Increasing max_age allows tracks to persist longer without updates, which can be helpful in scenarios where objects may momentarily disappear from the scene and then reappear.
min_hits:
This parameter specifies the minimum number of hits required to establish a track for an object.
When an object is first detected, it needs to receive detections in consecutive frames at least min_hits times to be considered a valid track.
Setting a higher value for min_hits can help filter out false positives and ensure that only reliably detected objects are tracked.
IoU Threshold (Intersection over Union Threshold):
Imagine two boxes: one representing a detection from YOLO, and the other representing a track maintained by the SORT tracker.
IoU measures how much these two boxes overlap. It's the ratio of the area of overlap between the boxes to the area of union.
The IoU threshold determines how much overlap is required for the tracker to associate a detection with an existing track.
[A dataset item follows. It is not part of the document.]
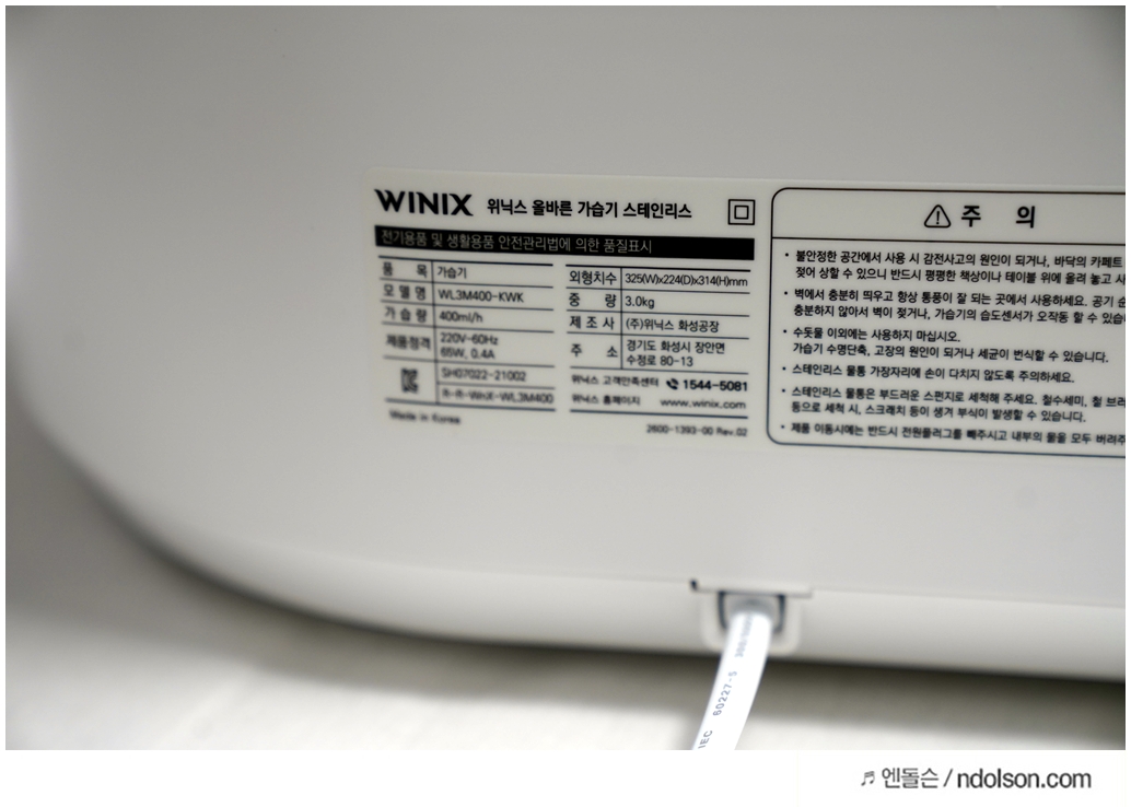 위닉스 가열식 가습기 WL3M400-KWK 모델이며,스테인리스 화이트 색상의 제품입니다.
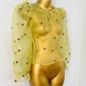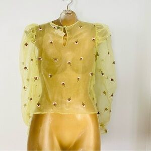 Zara Sheer Floral Puff Sleeve Top XS | Pistachio Green Romantic Euro Chic

If the IoU between a detection and a track exceeds the threshold, the tracker considers them as the same object.
A lower IoU threshold means even slight overlap is enough for association, potentially leading to more matches but also more false positives.
A higher IoU threshold requires more significant overlap, reducing false associations but potentially missing some valid matches.
Raising the iou_threshold requires a stricter overlap between detections and tracks, reducing the likelihood of false associations but potentially leading to more missed detections.
In summary, max_age controls the lifespan of tracks, min_hits determines the reliability of detections required to establish a track, and iou_threshold governs the association between detections and existing tracks based on their spatial overlap. Adjusting these parameters allows for fine-tuning the performance of the tracker based on specific tracking requirements and characteristics of the input data.